So there’s that. Lesson: don’t be surprised if people don’t share your own tastes, not just in characters, but in the act of reading itself.

Which brings me to:

3. No-one likes present narrator.

I exaggerate. In fact, my favourite part of any review received so far was in the one where the reviewer sort of came to like the present narrator aspect of my book. And my favourite moment possibly of the whole thing was when an old school friend I haven’t spoken to in a decade sent me a message telling me how much he’d enjoyed that.

But still. I’ve had a few responses around and about where people seemed to think that present narrator was a mistake, something I’d not meant to do, or that suggest that the reader hasn’t previously encountered present narrator in anything at all and is completely and utterly thrown by it. Or, they just hate it.

This is one thing I’d sort of expected. When I was looking around agents, and even when I was writing the book I saw over and over in ‘how to novel’ sort of things block capital advice against using present narrator, or flat out hatred for the device. I just don’t understand it, and, because much of my process in self-publishing this novel at all has been “My book: my way”, I ignored it.

I LOVE well-used present narrator. Again, I’m not ruling out the idea that I didn’t use it well, or didn’t make the most of the device. It’s perfectly possible. I’m glad I’ve had enough feedback about it that’s positive enough that I’m not retreating into the background and pretending this all never happened, but I’m not obstinately proclaiming my own authorly brilliance to the exclusion of all criticism.

But again, I really do love it. And I find it all the time. I think that’s something I find particularly surprising – a lot of people just haven’t come across it. One review mentions how it’s done much better in Narnia, and that’s true, but it’s a different kind of present narrator, a lighter, less interfering one, for sure, with no intent to foreshadow or prescribe, more to handhold and keep pace. I love being hauled through a story by a strong authorial voice, and since I’ve written, I’ve enjoyed trying to use that – even my earliest stories have it knocking about. For goodness’ sake, even my fanfiction has it (I don’t remember anyone complaining about it there, actually).

I wonder if it’s more to do with one’s own reading experience – it probably is, because, obviously, every book you read is, I think, shaped by the ones that come before and after it, not to mention your day, your mood, your life and your self – but growing up amidst a library rammed with wordy, interfering Victorian and pre-1950s British authors, there was definitely a lot of present narrator about in virtually everything I read. I’m not sure if that’s the case in prevalent Stateside literature so much. It’s a thought, anyway.

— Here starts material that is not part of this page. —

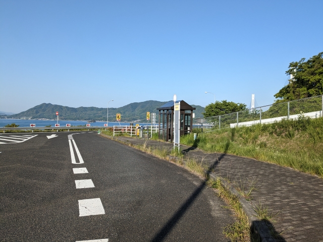 このレモン谷には駐車場がありません。また、周辺の道も幅が狭く、路肩への駐停車も困難。多々羅大橋の北側にトイレスペースがあり、駐車できそうな雰囲気ですがここはバスの待合所であるため「一般車両乗り入れはご遠慮ください」となっていました。

And again – because I’d had this idea that it wasn’t a popular device when I was writing it – it was another thing I was glad to uncover more thoughts on in reviews by people I didn’t know. Lesson: if people tell you something isn’t welcome in literature, they’re probably right. Caveat: That doesn’t mean you shouldn’t do it.

The best lesson of all, though, thus far, is this:

5. I can take it. Yes, I have strong feelings about other people’s feelings. Yes, I want to respond to everyone and have some epic dialogue about WHY WHY WHY WHAT and occasionally WTF, but I really do, it turns out, have a fervent enough belief in everyone’s right to think whatever they like about whatever it is that they read and just to be thrilled that people are actually reading (recall, I grew up in a time pre-Harry Potter, where reading seemed to be a very peculiar thing to do indeed, and everyone was terrified that no-one would bother with it In The Future), that I don’t burst into tears if someone doesn’t like my novel, and I am overjoyed if, even if they didn’t specifically like it, or think that it was any good, they gave those thoughts care and time.

I wasn’t sure about that. I’ve been terrified of a bad review. I’ve had a few now. And yes, obviously I’m sad that I’ve only had one or two people I don’t know feel overwhelmingly positive about the book, or that I’ve not had more enthusiastic reviews, or indeed any yet from the free day (that’s another blog…) but there it is, and also, I must remind myself on a continual basis that it is a sodding sizeable book, which people can’t just get through in an afternoon unless they have considerable interest, space in their life, and dedication to doing so.

But it’s okay. I genuinely, truly want to know what people think about The Pulse. What they like, what they don’t. How they found the experience of reading it.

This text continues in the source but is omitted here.